Nag! Nag! Nag!, Thursday, 19 November 2020 06:32 (three years ago) link

what about:

HEE HAW

i've been crowdsourcing this

Karl Malone, Thursday, 19 November 2020 06:48 (three years ago) link

N!N!N! the spoken section was the roiling kernel of my hatred, especially because it said "make love", I mean GROSS!

assert (MatthewK), Thursday, 19 November 2020 07:34 (three years ago) link

Haha. Yep.

I'm struggling to remember much I've truly hated. The best I can offer is Kiss. I probably did *say* I hated them as a 5 y/o, possibly just to be contrary. (They were super-huge in Aus, circa 1980.) Or maybe I just found Gene Simmons genuinely unsettling at that age.

Nag! Nag! Nag!, Thursday, 19 November 2020 08:16 (three years ago) link

Yeah Kiss were legit terrifying as a kid, and the kids who liked them seemed like they were in a secret cult or something. Not like ABBA where everyone went nuts for them.

assert (MatthewK), Thursday, 19 November 2020 10:20 (three years ago) link

At uni I had to endure a lot of bad student nights, simply because it was what people did: Cheesy tunes nights, karaoke nights, Ibiza trance nights, 'indie' nights where they would play three Limp Bizkit songs in a row etc...

I grew to hate 'Mustang Sally' (the Commitments version) and 'Brown Eyed Girl'. What were these terrible songs with shite lyrics that everyone seemed to enjoy and know the words to?

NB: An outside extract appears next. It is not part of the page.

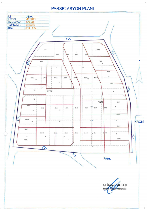 Hacıkadem ve Yeşilkarağaç Mahalleleri muhtelif ada ve parsellerde, 18. Madde Uygulaması Parselasyon Planı Askı İlanı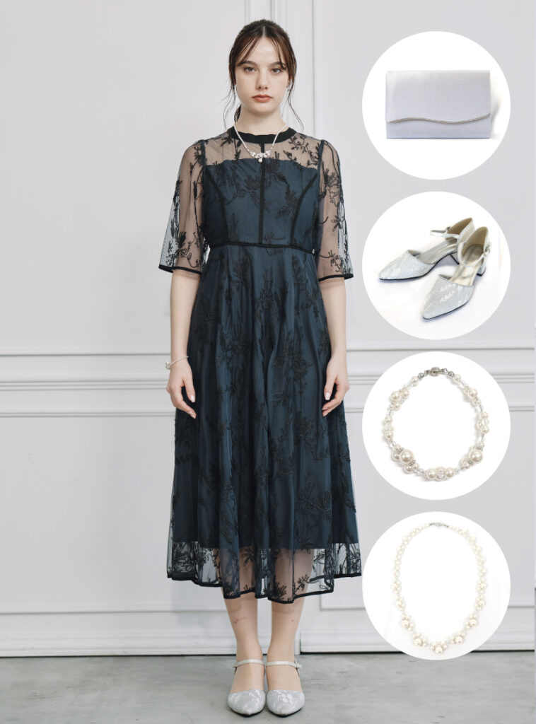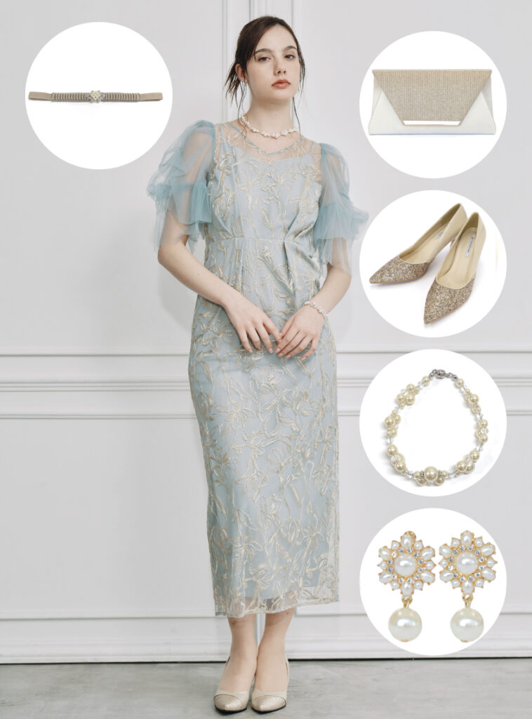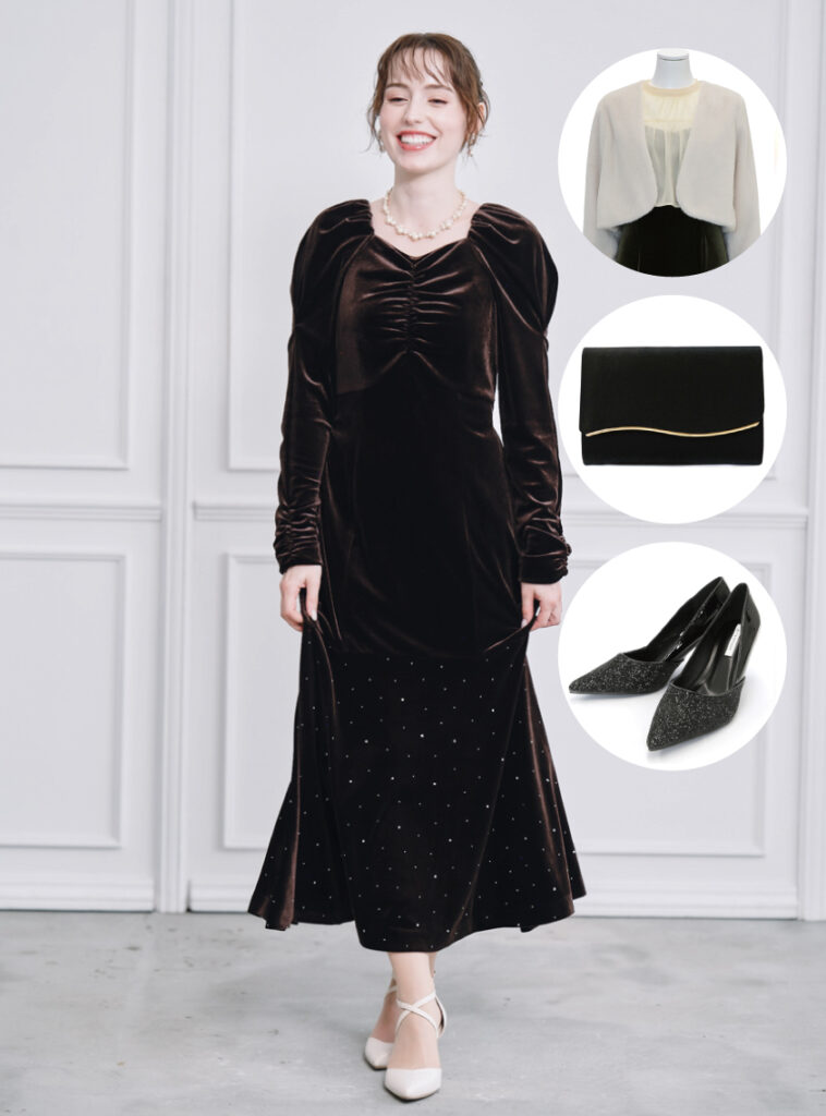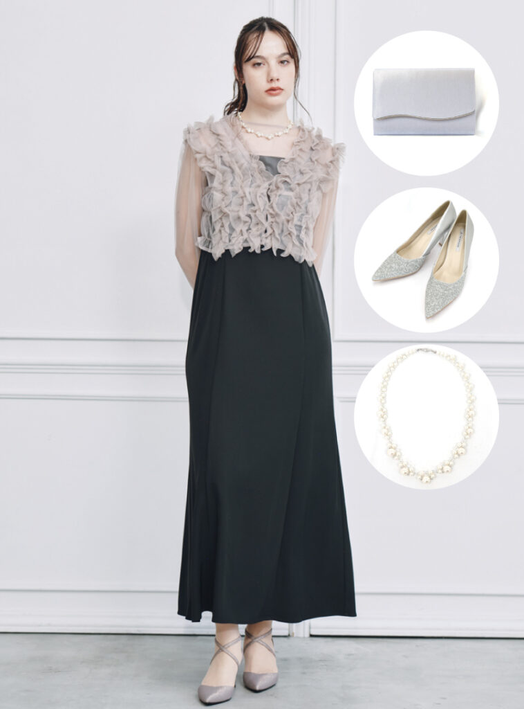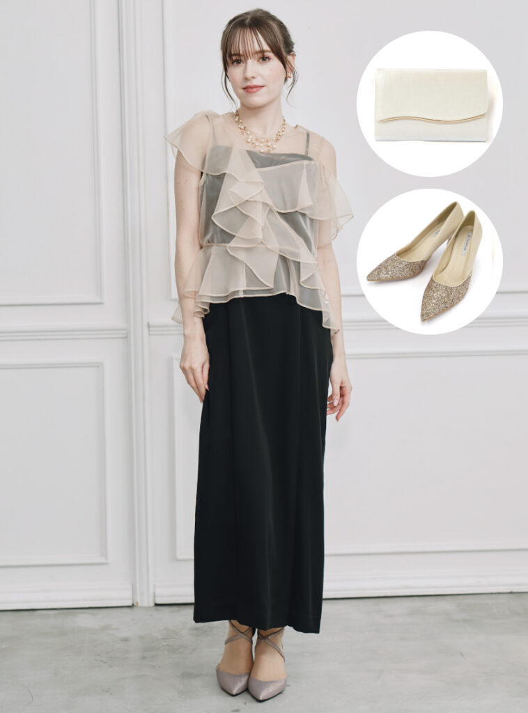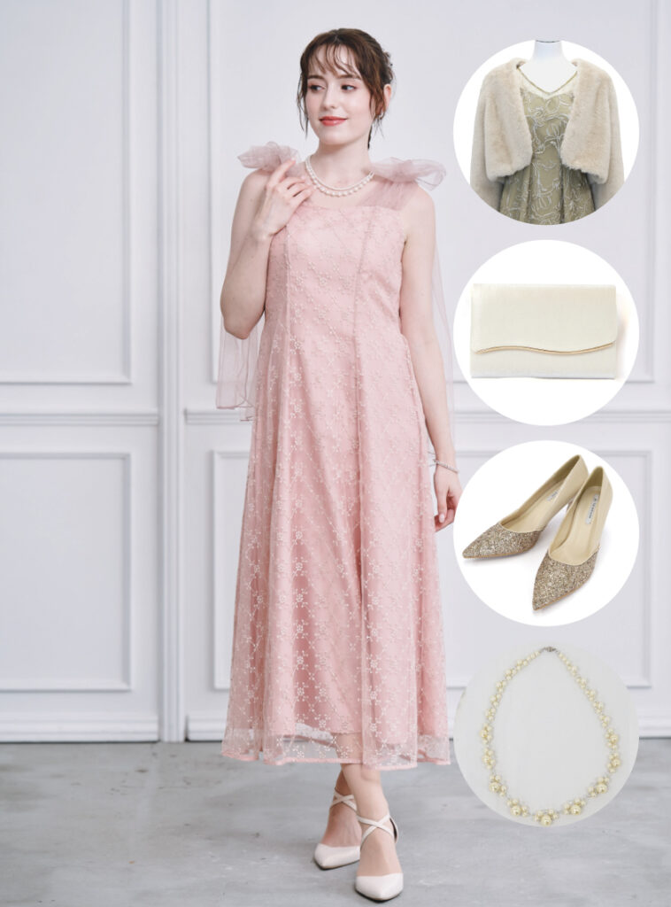 ドレス+バッグ+アクセサリー1点~2点もしくは羽織(ショール・ボレロなど)の計4点セット

I still think they're terrible.

I've never seen The Commitments but there's something about that sweaty, parpy 80s/90s blues-revival sound that I can't stand.

And 'Brown-Eyed Girl'? What's remarkable or interesting about having brown eyes? May as well call it 'Girl With Ears'. And the 'sha-la-la-la' chorus, don't get me started.

I heard something off Astral Weeks the other day which wasn't terrible, so maybe I should check it out but that song stopped me ever checking out anything else by Van Morrison. That said, if all I'd ever heard by Joni Mitchell was 'Big Yellow Taxi', I wouldn't have ever bothered with her either.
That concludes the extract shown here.